ISTA Pharmaceuticals presented combined the results of a pair of phase III trials of Xibrom (bromefac sodium ophthalmic solution), for the treatment of ocular inflammation, eye pain and photosensitivity following cataract surgery. The combined data from the two trials (both conducted under the same protocol) indicated that a significantly larger portion of patients treated with Xibrom met the primary efficacy endpoint compared with placebo, as measured by the incidence of patients with complete absence of ocular inflammation at the end of the dosing period (64% vs. 40%; p<0.0001). Additional evidence of rapid, three day efficacy was also observed, and the Xibrom group experienced a lower incidence of adverse events than the placebo group. The randomized, double-blind, placebo-controlled studies enrolled a total of 527 subjects across 39 US sites, who received either topical Xibrom or placebo twice daily for 14 days, following surgical cataract removal.
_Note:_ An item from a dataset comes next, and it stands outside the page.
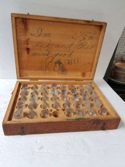 A vintage wooden storage box designed to hold eyeglass lenses. The box features individual compartments for organizing various lenses, with numbers handwritten above each slot. The interior lid is adorned with sketches and writing, adding a unique, personalized touch. Two metal clasps secure the lid. The exterior shows minor wear consistent with age, indicating prior use. Made of wood, the box is sturdy and practical for collectors or optometry enthusiasts.

Lilly has issued the results of a pair of analyses of two phase III trials of their investigational compound ruboxistaurin, for the treatment of diabetic macular edema (DME). Combined trial data indicated that the drug was efficacious in treating DME, promoting better visual acuity compared with subjects with similar degrees of macular damage receiving placebo, as measured by the number of correctly identified letters (71 vs. 60, p<0.01). In addition, a trend towards reduced DME progression was observed in subjects with significant degeneration near but not directly involving the macula, compared with placebo (20% vs. 31%, p=0.083). Both phase III trials were double-blind, long term investigations (30 and 36 month minimum durations), and enrolled more than 900 patients with DME. Lilly announced that these analyses would be used to support an ongoing phase III trial of the drug.
January 14, 2002
Positive results were reported from a randomized, placebo-controlled pilot phase IIa trial of Vitrase, Ista Pharmaceuticals' potential treatment for diabetic retinopathy. The progression of diabetic retinopathy was assessed by reviewing fundus photographs to determine an ETDRS (Early Treatment for Diabetic Retinopathy Study) retinopathy severity scale score for each subject's study eye. These ETDRS retinopathy severity scores were then evaluated to identify any changes in the subjects' disease over a one-year evaluation period. Of the 46 subjects with fundus photographs that were analyzed and scored, 67% of Vitrase-treated subjects had stable ETDRS scores (indicating no measurable disease progression), compared to 38% of saline-treated subjects, 40% of subjects treated with SF6 gas, and 43% of subjects treated with Vitrase plus SF6 gas.